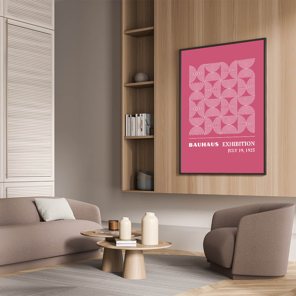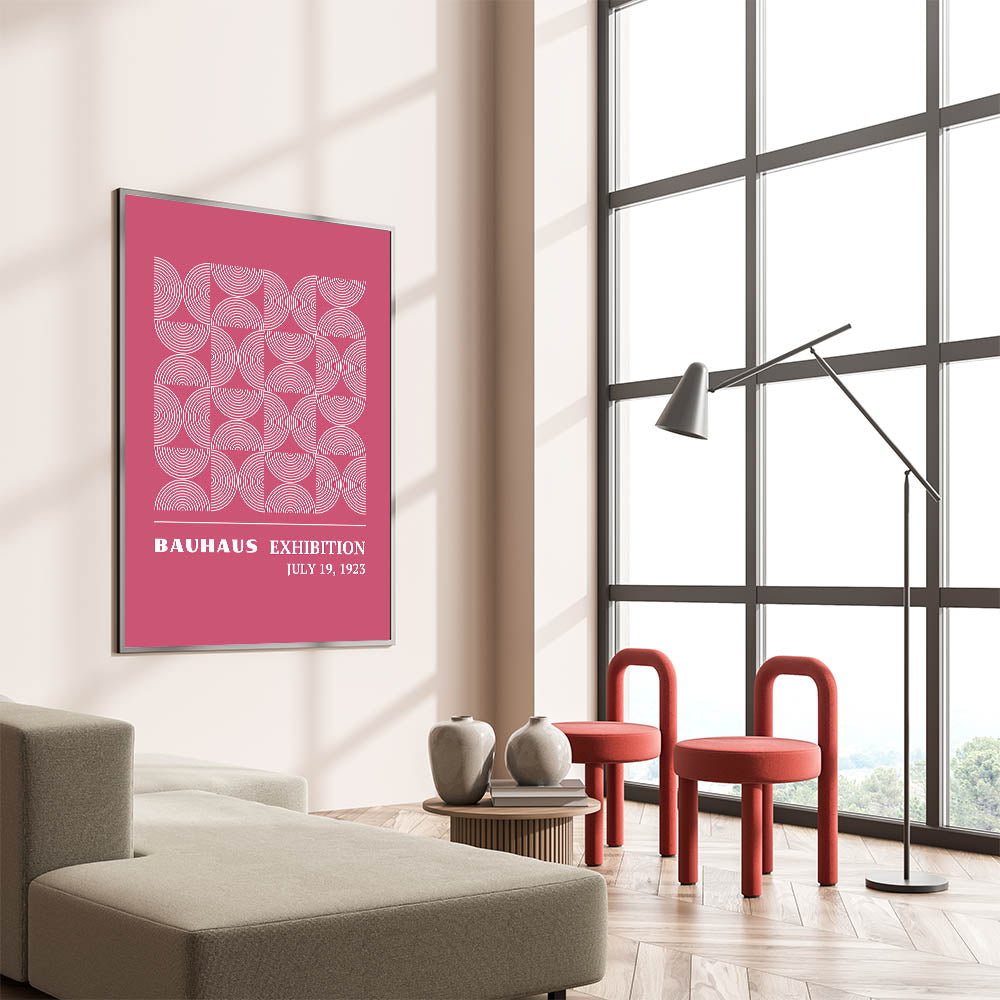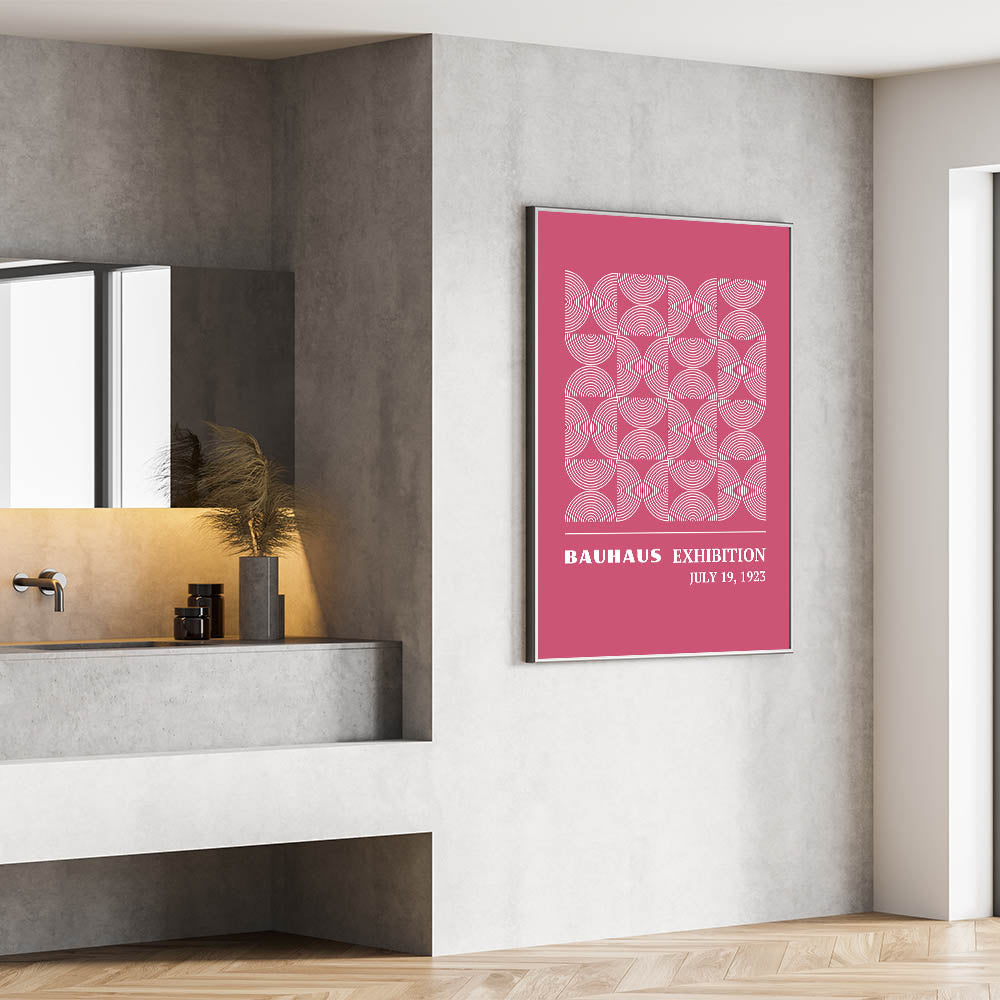 Add a vibrant and modern touch to your home with this unique Bohemian artwork for modern spaces. Inspired by the Bauhaus Exhibition of July 1923, this design features a captivating circular pattern in a stunning pink backdrop, creating a harmonious blend of geometric symmetry and bold color. This vibrant Bohemian print for home decor is perfect for any room, adding a touch of elegance and creativity to your interior.
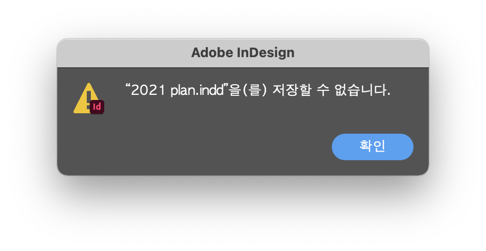 가끔씩 이렇게 저장을 할 수 없다는 경고 팝업이 뜰때가 있다!
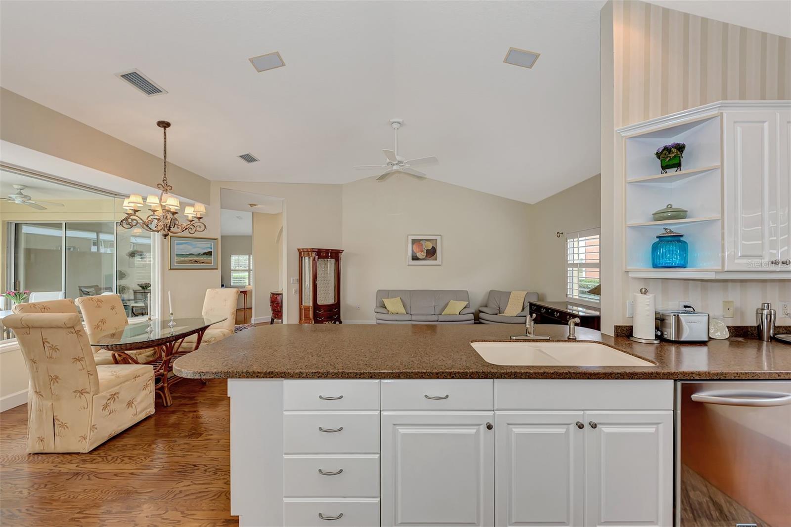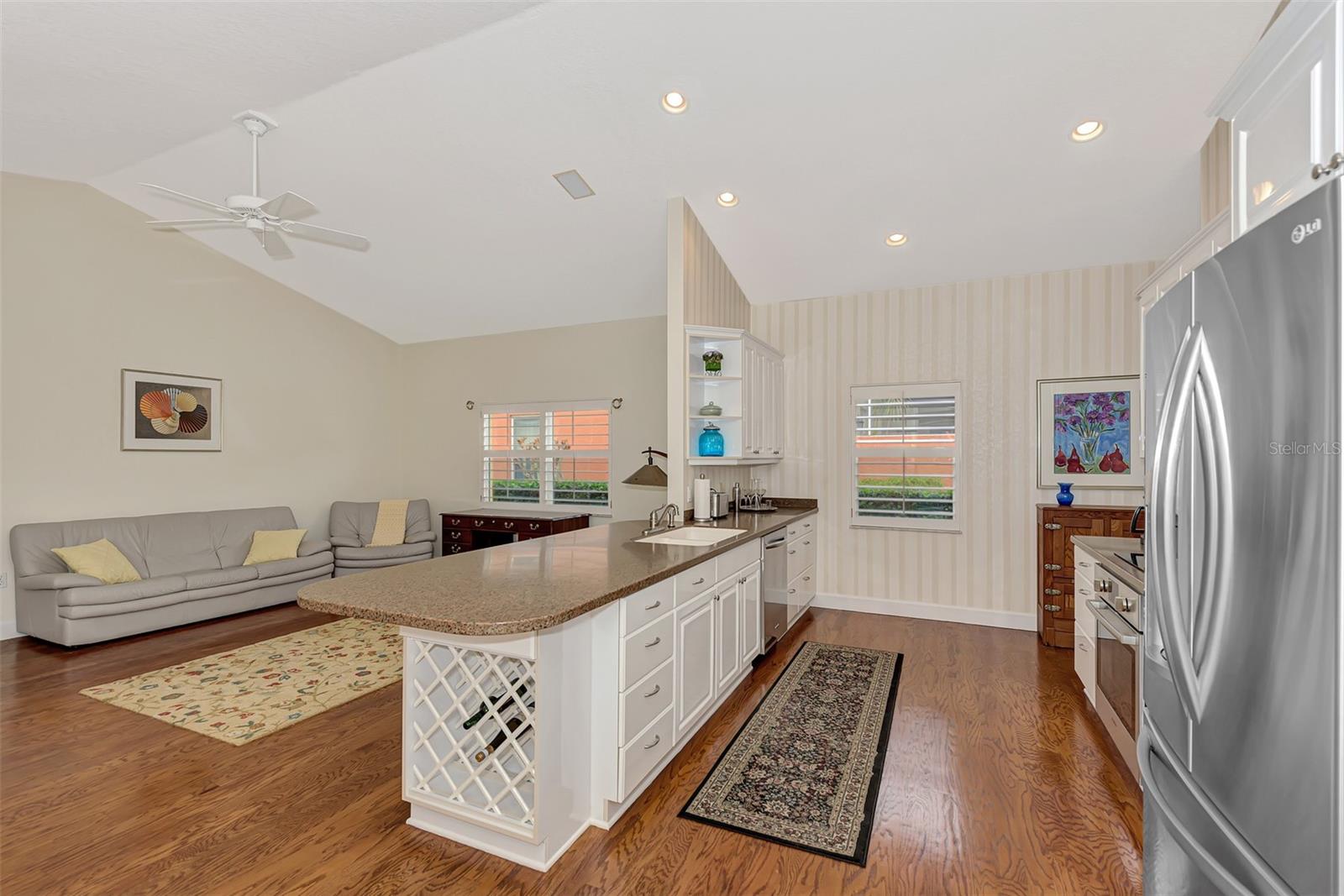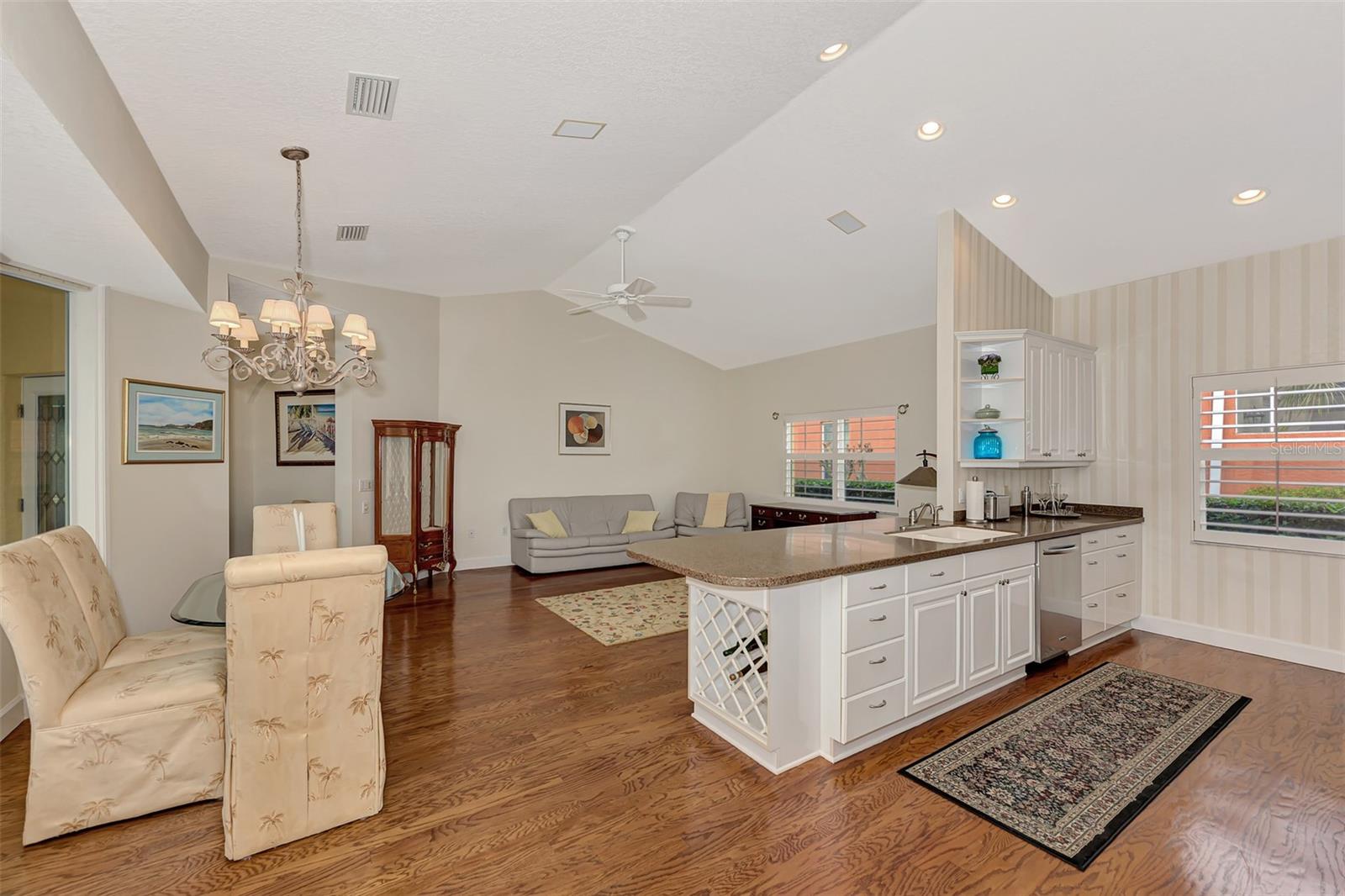 Cathedral Ceiling(s), Ceiling Fans(s), Eat-in Kitchen, High Ceilings, Kitchen/Family Room Combo, Living Room/Dining Room Combo, Primary Bedroom Main Floor, Solid Wood Cabinets, Vaulted Ceiling(s), Window Treatments
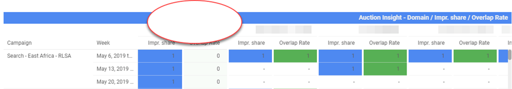 The one oddity about the template is that the header column for your data will be blank. As an example, in this report for the header row, we pixilated our competitor names. The very first column is empty (your data might not be the very first column) as that’s where our data is and for some reason in the Google Ads UI, you see ‘You’ in that column. In Data Studio, it’s just a blank header row. If you download the data, that column will be empty in the download as well, so you’ll want to fill in that column with your name before you create any charts, graphs, or pivot tables.
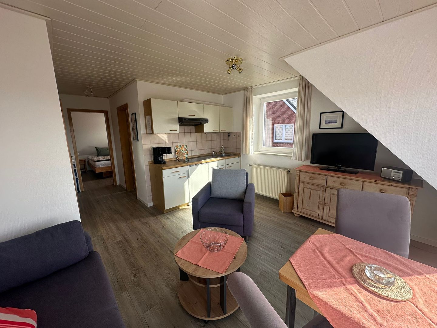 Im Wohnbereich lädt die Sofaecke zum Entspannen ein, während ein Esstisch für gemeinsame Mahlzeiten zur Verfügung steht. Für Unterhaltung steht ein TV mit 1 Gerät (25–34 Zoll) bereit. Ergänzend sind Radio und WLAN vorhanden, sodass Sie auch im Urlaub online bleiben können. Zur weiteren Ausstattung zählen Garderobe, Kommode und Rauchmelder.
☆ ☆ ☆ ☆
### Directions for this task
The expected output is the full material above, word for word, without pictures.

### Exercise solution
 Add a vibrant and modern touch to your home with this unique Bohemian artwork for modern spaces. Inspired by the Bauhaus Exhibition of July 1923, this design features a captivating circular pattern in a stunning pink backdrop, creating a harmonious blend of geometric symmetry and bold color. This vibrant Bohemian print for home decor is perfect for any room, adding a touch of elegance and creativity to your interior.
 가끔씩 이렇게 저장을 할 수 없다는 경고 팝업이 뜰때가 있다!
 Cathedral Ceiling(s), Ceiling Fans(s), Eat-in Kitchen, High Ceilings, Kitchen/Family Room Combo, Living Room/Dining Room Combo, Primary Bedroom Main Floor, Solid Wood Cabinets, Vaulted Ceiling(s), Window Treatments
 The one oddity about the template is that the header column for your data will be blank. As an example, in this report for the header row, we pixilated our competitor names. The very first column is empty (your data might not be the very first column) as that’s where our data is and for some reason in the Google Ads UI, you see ‘You’ in that column. In Data Studio, it’s just a blank header row. If you download the data, that column will be empty in the download as well, so you’ll want to fill in that column with your name before you create any charts, graphs, or pivot tables.
 Im Wohnbereich lädt die Sofaecke zum Entspannen ein, während ein Esstisch für gemeinsame Mahlzeiten zur Verfügung steht. Für Unterhaltung steht ein TV mit 1 Gerät (25–34 Zoll) bereit. Ergänzend sind Radio und WLAN vorhanden, sodass Sie auch im Urlaub online bleiben können. Zur weiteren Ausstattung zählen Garderobe, Kommode und Rauchmelder.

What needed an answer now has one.